Document Fragment View
Fragment Information
Showing contexts for: re-valuation in Kumari Uma vs Board Of Pre-University Education on 31 October, 1987Matching Fragments
8. Some more facts which will have to be noticed before we consider the contentions of the learned Counsel for the appellants are that all these candidates are supposed to have had a very good academic career and therefore, their failure in the subjects concerned came as a surprise to them and that is the reason they asked for revaluation of the answers in question. About the appellant in Writ Appeal No. 886 of 1985 who applied for revaluation, it is stated that he was a First Class student throughout and there was absolutely no reason for his failure in Sanskrit paper which is his Second Language.

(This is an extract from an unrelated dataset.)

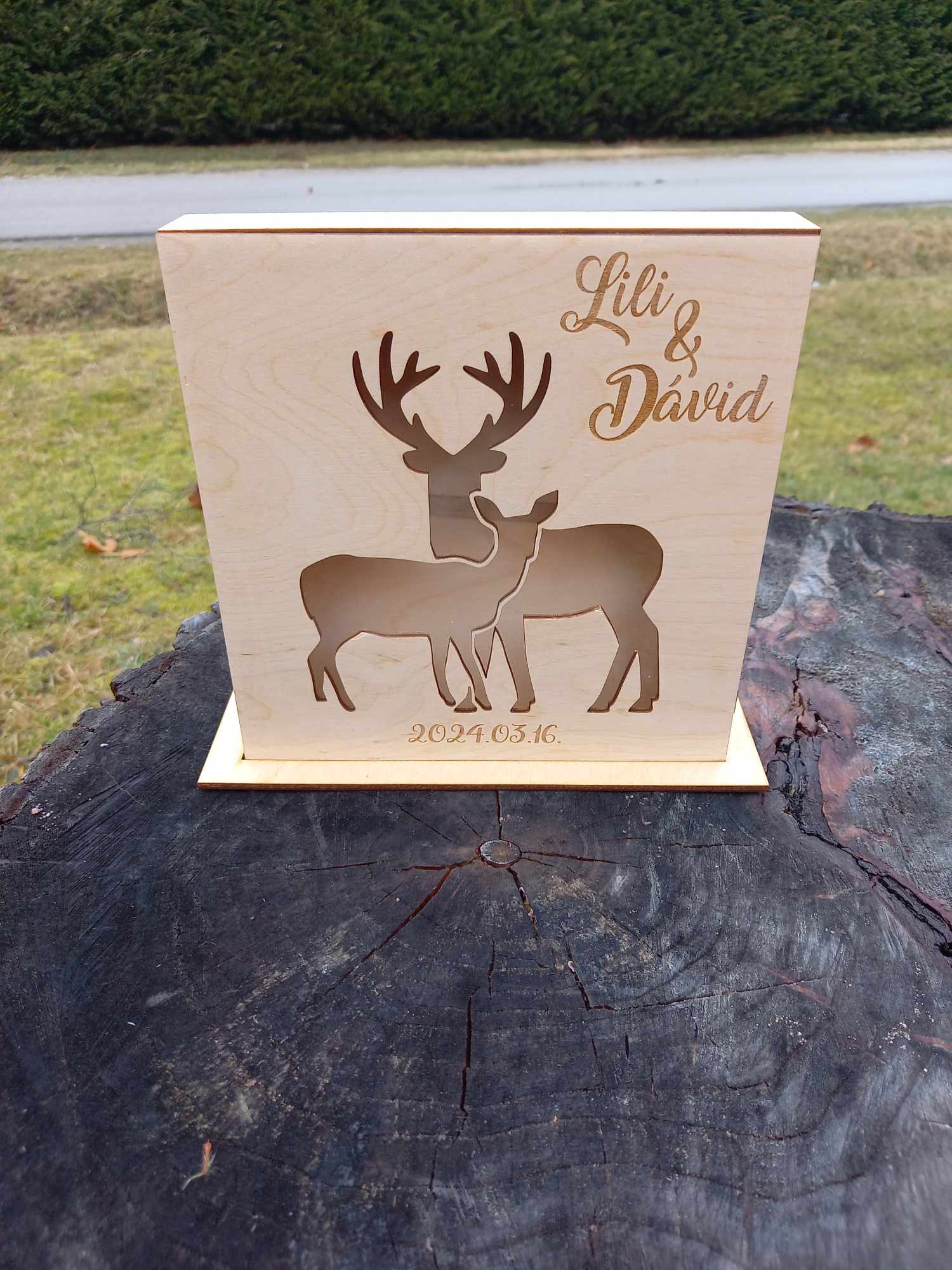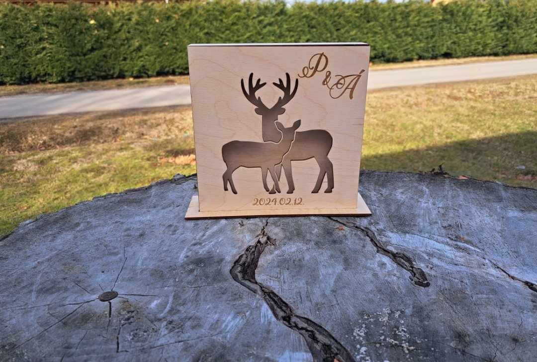 A doboz mérete 20×20 centiméter, így könnyen beleilleszthető a ceremóniaterem vagy a kert dekorációjába. Választhatod a festett változatot, mely harmonizál az esküvői színsémával, vagy a natúr változatot, amely időtlen eleganciát sugall.

He had passed Sanskrit Examination conducted by Bharatiya Vidya Bhavan, Bangalore, and his case is that he could never fail in Sanskrit with that proficiency in Sanskrit language. In so far as the appellant in Writ Appeal No. 843 of 1985 is concerned, it is stated that she is also a First Class student throughout. But, she had secured only 23 marks in Mathematics and after re-valuation she was awarded 35 marks. She has passed M.B.B.S. Examination and she is now a house surgeon and is also married. Appellant in Writ Appeal No. 1106 of 1985 had also failed in Sanskrit having secured only 26 marks. But, after revaluation she obtained 32 marks. In the very same examinations she secured 74 marks in Chemistry and 85 marks in Mathematics. She withdrew from the examination in Chemistry and appeared again in that subject and she got 96 marks in that subject. She is an engineering student and she was not allowed to appear for the examination because of the pendency of the Writ Petition. Likewise the appellant in Writ Appeal No. 1007 of 1985 was not permitted to take the final examination in Commerce because of the pendency of the Writ Petition, The other appellants had not obtained passing marks in the subjects in question, but, after re-valuation they were declared as passed by virtue of the additional marks given to them, as some of the answers remained unvalued originally as alleged by them.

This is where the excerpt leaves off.